Chereads / Fanfiction Recommendations / Chapter 109 - To the Flame by AbsentAngel (Fairy tail)

Chapter 109 - To the Flame by AbsentAngel (Fairy tail)

Summary: She stares, transfixed, as the blood runs down his fingers and begins to pool in his palm. He holds his hand up to her lips in offering, and she tears her eyes away from the blood to study his face. He is smiling softly. "Go on Luce, I didn't cut them for nothing." [Vamp AU] [NaLu]

Link: https://m.fanfiction.net/s/10715190/1/To-the-Flame

Word count:62k(COMPLETE)

Chapters:19

Chapter#1: A Prima Vista

(At First Sight)

(:)(A)(:)

She sits at the same bench, in the same park, every night.

Sometimes it rains, every now and then it snows, but the clear, cloudless nights are her favorite. She has made friends with the stars, has made a father out of the Moon, and she greets them all like the old friends they are. When the leaves begin to fall she admires Aquarius's beauty and Capricorn's determination. When ice begins to spider web over the earth she looks forward to basking Aries' warm smiles and Taurus's passion. In the spring, Leo winks at her and sends her budding flowers and serenades her in birdsong. She accepts it all with a smile.

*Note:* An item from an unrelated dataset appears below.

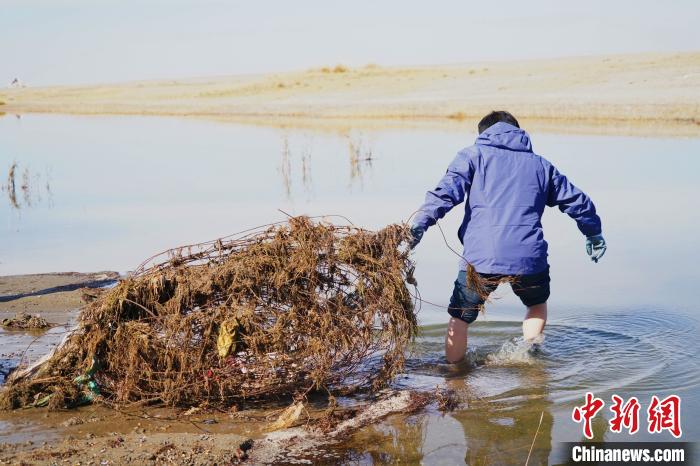 寒風凜冽,湖水冰涼,寒徹入骨。十月中旬的青海湖湖濱地區最低氣溫達零下二攝氏度,部分河流開始結冰,青海湖牧民巡護隊隊員尖木措卷起褲腿,邁入冰冷的湖水,徒手將陷入淤泥中的廢棄鐵絲拉上岸。幾分鐘后,尖木措裸露在外的小腿早已凍得通紅。

She tracks time by the length and frequency of their visits. She no longer uses words like 'years' or 'weeks'. She used to make notches on the wooden slat of the bench every time Cancer visited her summer sky (he likes to remind her that she is beautiful) but while she was asleep the bench was replaced and she has since lost track. Now, instead of using visits, she measures in written pages.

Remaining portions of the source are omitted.